We’ve heard of this kind of thing before: reports of Facebook, et al., still “miraculously” keeping hold even of content that was never (visibly) online: something you typed into that status box and then decided against posting.
But now, Forbes believes that Google and Facebook (Instagram) have “more clear” rules than TikTok these days, as it reports about a case when a bank robbery suspects, Fernando Enriquez and a number of others, being tracked down (with a valid search warrant as well) across multiple social media. In fact, all three of them. Emails, phone numbers – ostensibly given to the tech giants by the suspect in order to create accounts – were correlated to essentially identify Enriquez online.
But it was on TikTok that the FBI found what “resembled” a getaway car allegedly used by Enriquez, as well as images showing suspect’s tattoos that were matched to surveillance data.
The warrant cited in the report, however, doesn’t exactly reveal how the FBI was able to get this data from “deleted” TikTok posts.
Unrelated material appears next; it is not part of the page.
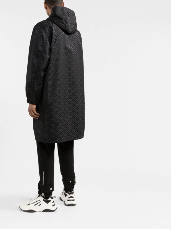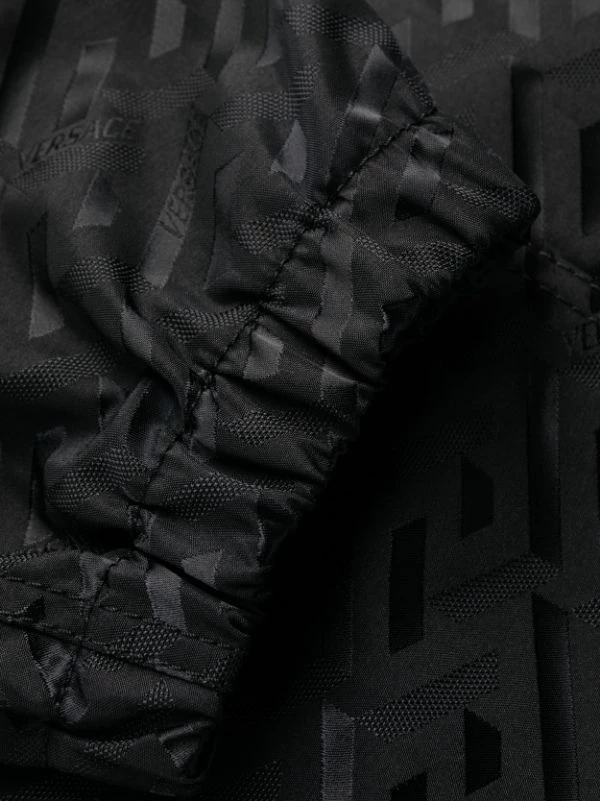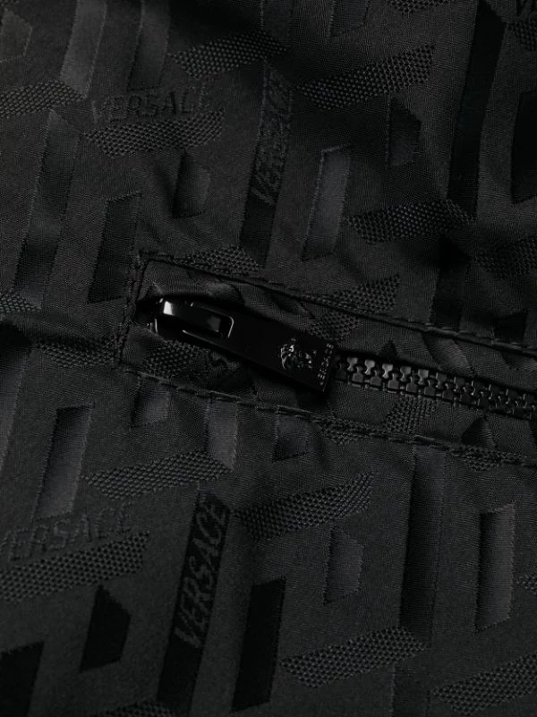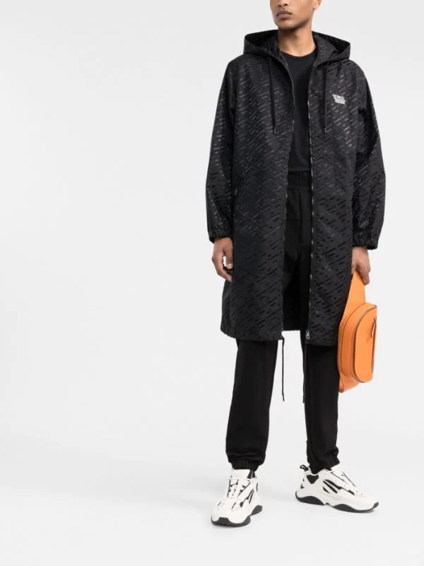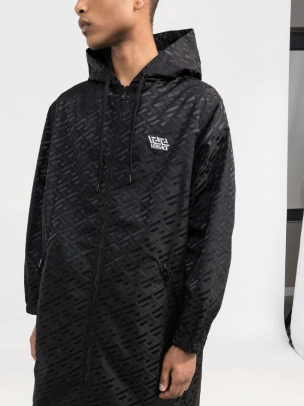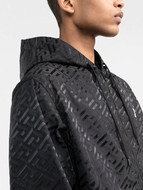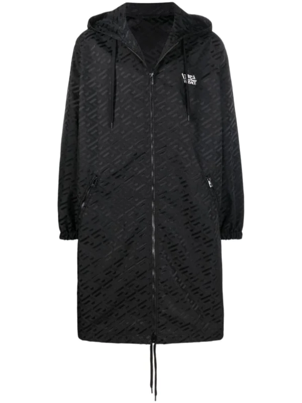 Imprimé La Greca signature, imprimé monogrammé, patch poitrine à logo, capuche à lien de resserrage, fermeture zippée devant, manches longues, deux poches latérales zippées, coupe mi-longue.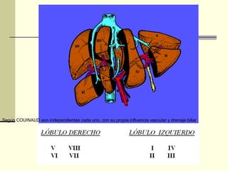 El documento describe la anatomía y el tratamiento de los abscesos hepáticos. Explica que los abscesos hepáticos pueden ser únicos o múltiples y son colecciones de pus dentro del hígado causadas por infecciones bacterianas. El tratamiento combina el drenaje del absceso, ya sea mediante catéter o cirugía, con antibióticos para tratar la infección subyacente. Los factores como una elevación de la fosfatasa alcalina, un origen biliar del absceso, y cultivos de sangre positivos se

Though it may be tempting to take the “us against them” approach, all Big Tech operates along the same lines.
And those are: maximum profit; maximum compliance with government(s) when that bottom line is threatened; and very real and evident lack of interest in the user, their rights, including fundamental ones such as that to privacy and identity.
Big Tech, whether coming from the East or the West, seems perfectly ready to throw the user under the bus. Criminal cases get press; meanwhile, the data of billions from upstanding citizens receives the same treatment – to little or no complaint.